Here are some excerpts from the hearings transcripts relating to the limits of executive power and human rights issues:
http://userpage.fu-berlin.de/~tuckwill/RobertsHearingsExcerpts.txt
In a speech on the Senate floor on September 21, 2005, explaining his opposition to the Roberts nomination, Senator John Kerry emphasized Judge Roberts's ruling in the Hamdan case: "Judge Roberts' more recent positions trouble me as well, particularly his decision to join Judge Randolph's decision in Hamdan v. Rumsfeld, the military tribunals case. That opinion gave the President unfettered and unreviewable authority to place captured individuals outside the protections of the Geneva Convention. Six retired senior military officials with extensive experience in legal policy, the laws of war, and armed conflict have filed a friend-of-the-court brief in the Supreme Court arguing that Hamdan must be overturned immediately because it directly endangers American soldiers. I understand that Judge Roberts felt he could not discuss the case while it was pending before the Supreme Court, but, even when asked about his views of the scope of executive power unrelated to the Hamdan case, Judge Roberts was evasive. He did little more than describe the Court's current framework for analyzing assertions of executive power. As a result, I do not know whether he believes that the state of war is a blank check for the President or whether he will closely scrutinize the legality of Executive Branch actions at all times. Given the fact that his Hamdan decision placed our troops at risk, I am forced to conclude that Judge Roberts' future decisions may further threaten the security of our troops abroad and our citizens at home" ( http://www.johnkerry.com/features/robertsExcerpts.html ).
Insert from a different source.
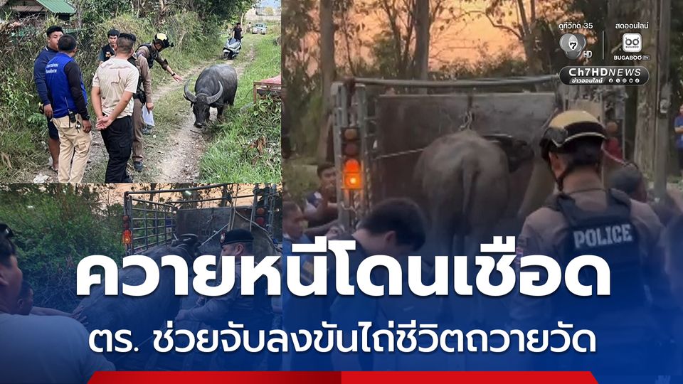 ควายวิ่งหนีตายจากการถูกเชือด ตำรวจวิ่งวุ่นช่วยจับหวั่นอันตราย สุดท้ายสงสารลงขันขอไถ่ชีวิตเพื่อนำไปถวายวัดเพื่อเป็นบุญกุศลต่อไป

In section 3 of the following article, Ronald Dworkin examines Judge Roberts's responses to a question by Senator Leahy on whether the president has the power to order the torture of prisoners and a question by Senator Feingold on the practice of extraordinary rendition, as well as Roberts's decision in Hamdan v. Rumsfeld:
Ronald Dworkin, "Judge Roberts on Trial," New York Review of Books, vol. 52, no. 16, Oct. 20, 2005:
http://www.nybooks.com/articles/18330
Topic 2. The Current Hunger Strike of Guantánamo Prisoners
It seems that at least 210 Guantánamo prisoners are currently participating in a hunger strike. They are demanding fair trials and humane treatment. Some are being force-fed by the military. Many are prepared to die if their demands are not met. Reliable information on the situation in Guantánamo Bay is of course hard to come by, due to DOD restrictions and misrepresentations, but see this recent report issued by the Center for Constitutional Rights:
Gitanjali Gutierrez et al., "The Guantánamo Prisoner Hunger Strikes and Protests: February 2002 – August 2005," Center for Constitutional Rights, Guantánamo Global Justice Initiative, September 8, 2005:
http://www.ccr-ny.org/v2/legal/september_11th/docs/Gitmo_Hunger_Strike_Report_Sept_2005.pdf
Topic 1. Judge John Roberts and Bush's Military Commissions
At last month's committee meeting, on July 28, those who attended were unanimous in our opinion on topic 2, "Salim Ahmed Hamdan (Osama bin Laden's driver), Bush's military commissions, and Judge John Roberts," namely that Democrats should oppose, by all means, including a Senate filibuster, the nomination of Judge John G. Roberts Jr. to replace Sandra Day O'Connor on the Supreme Court. On July 15, 2005, Judge Roberts concurred in a unanimous appellate court decision, in Hamdan v. Rumsfeld, to reverse a lower-court decision granting Salim Ahmed Hamdan the right to a trial by court-martial. This decision allows Bush's military commissions in Guantanamo Bay to proceed. Judge Roberts and his two colleagues ruled that Hamdan has no rights and no status under U.S. law and is rightfully subject to the decision of a military commission (i.e., of a kangaroo court, in the view of many, if not most, legal experts). For details and links see below in the meeting agenda for July 28, 2005, under topic 2.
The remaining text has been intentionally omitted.